C[i] = 1.0 / data[k];

an error occurs:

call to cuStreamSynchronize returned error 700: Illegal address during kernel execution

If I first check, if k is in the bounds and do the same in both cases (even if it is not), the code works fine.
Is this a compiler bug?
I compiled with “pgcc -fastsse -mp -acc -Minfo=accel -ta=nvidia,pin,cc20 -c main.c”.

Thanks in advance,
Fabian

Hi Fabian,

The problem is that “data” is greater than 2GB and by default we use 32-bit indexing (for performance reasons).
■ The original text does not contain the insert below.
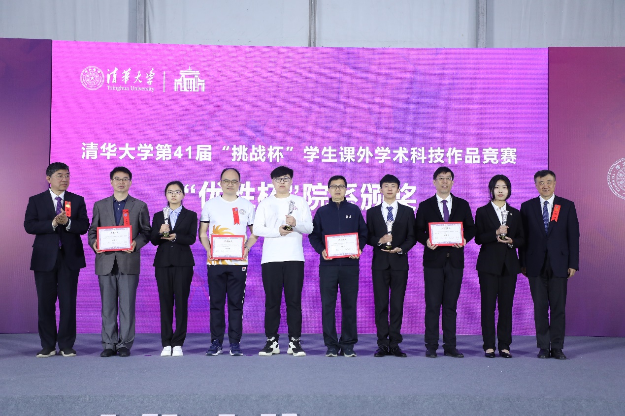 校党委书记邱勇、校长王希勤共同为获得本届竞赛“挑战杯”的院系颁奖。副校长杨斌、郑力,校党委副书记向波涛、赵罡,副校长彭刚为获得本届竞赛“优胜杯”的院系颁奖。副校长曾嵘、姜培学,校党委副书记许庆红为本届“挑战杯”竞赛优秀指导教师颁奖。副校长王宏伟、李路明与阚宝奎为获得本届“挑战杯”竞赛特等奖作品的同学颁奖。校党委副书记过勇宣读了获奖名单。
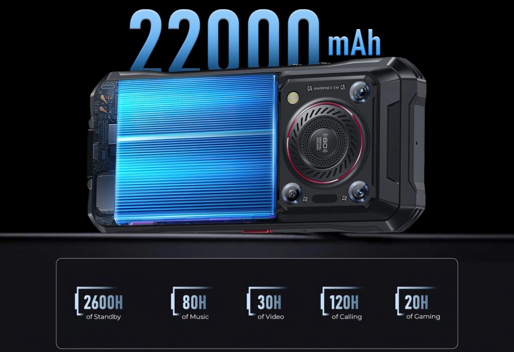 اوکیتل WP33 پرو به یک باتری غولپیکر 22000 میلیآمپر ساعتی مجهز است و از شارژ سیمی 33 واتی پشتیبانی میکند. لازم به ذکر است، به واسطه ظرفیت بسیار زیاد باتری این دستگاه، برای شارژ کامل آن (0 تا 100 درصد) به 5 ساعت نیاز دارید!

To fix, simply add the flag “-Mlarge_arrays”.

% a.out
Data size = 2771567208 2.581223 GB numele=1391349
call to cuStreamSynchronize returned error 700: Illegal address during kernel execution
% pgcc -acc -Mlarge_arrays test.c
% a.out
Data size = 2771567208 2.581223 GB numele=1391349
%

Hope this helps,
Mat

Hi Mat,

Yes, that works.

Thank you very much for your Help,
Fabian